# What the exercise asks
Exactly the lines below, starting with the one containing "2025年国家法定节日慰问品提货券采购项目结果公告" and going on through the one containing "の場合、ベース抵抗は 2.2K なので、Vf", must be reproduced, both ends included, and no pictures with them.

# Dataset excerpts
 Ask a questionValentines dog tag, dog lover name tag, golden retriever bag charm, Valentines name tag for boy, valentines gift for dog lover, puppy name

...

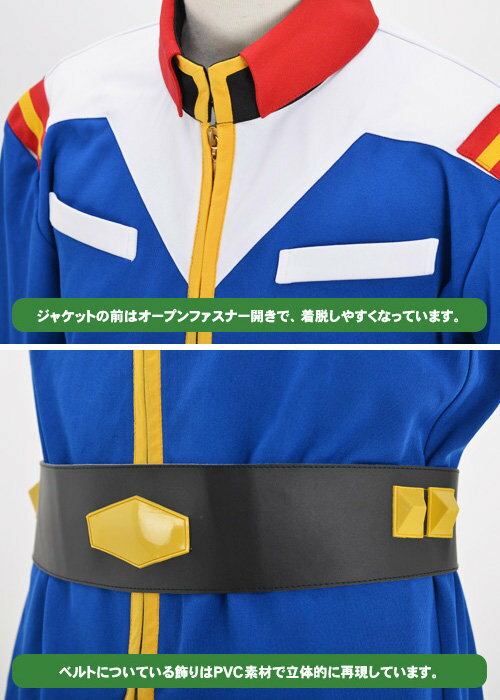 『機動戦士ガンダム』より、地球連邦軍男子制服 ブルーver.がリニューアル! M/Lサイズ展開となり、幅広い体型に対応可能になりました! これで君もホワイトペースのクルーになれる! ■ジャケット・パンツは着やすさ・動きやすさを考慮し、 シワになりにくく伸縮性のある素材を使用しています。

---

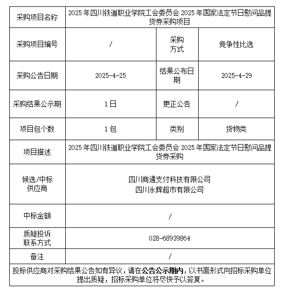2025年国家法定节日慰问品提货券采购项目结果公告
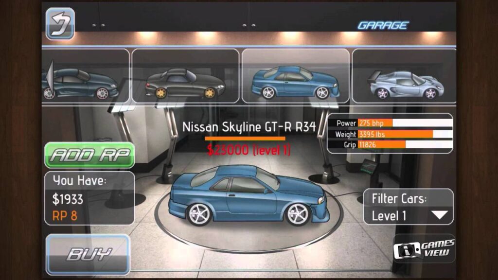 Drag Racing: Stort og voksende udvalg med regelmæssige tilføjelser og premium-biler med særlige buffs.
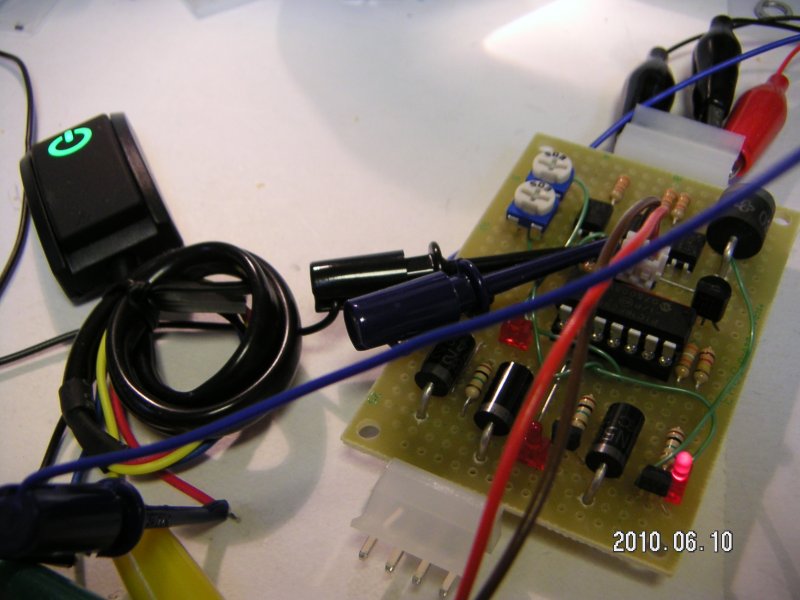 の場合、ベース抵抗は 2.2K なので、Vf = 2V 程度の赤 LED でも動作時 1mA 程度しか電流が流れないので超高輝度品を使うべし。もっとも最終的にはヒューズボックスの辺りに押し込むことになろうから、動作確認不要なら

# Final answer
2025年国家法定节日慰问品提货券采购项目结果公告
 Drag Racing: Stort og voksende udvalg med regelmæssige tilføjelser og premium-biler med særlige buffs.
 の場合、ベース抵抗は 2.2K なので、Vf = 2V 程度の赤 LED でも動作時 1mA 程度しか電流が流れないので超高輝度品を使うべし。もっとも最終的にはヒューズボックスの辺りに押し込むことになろうから、動作確認不要なら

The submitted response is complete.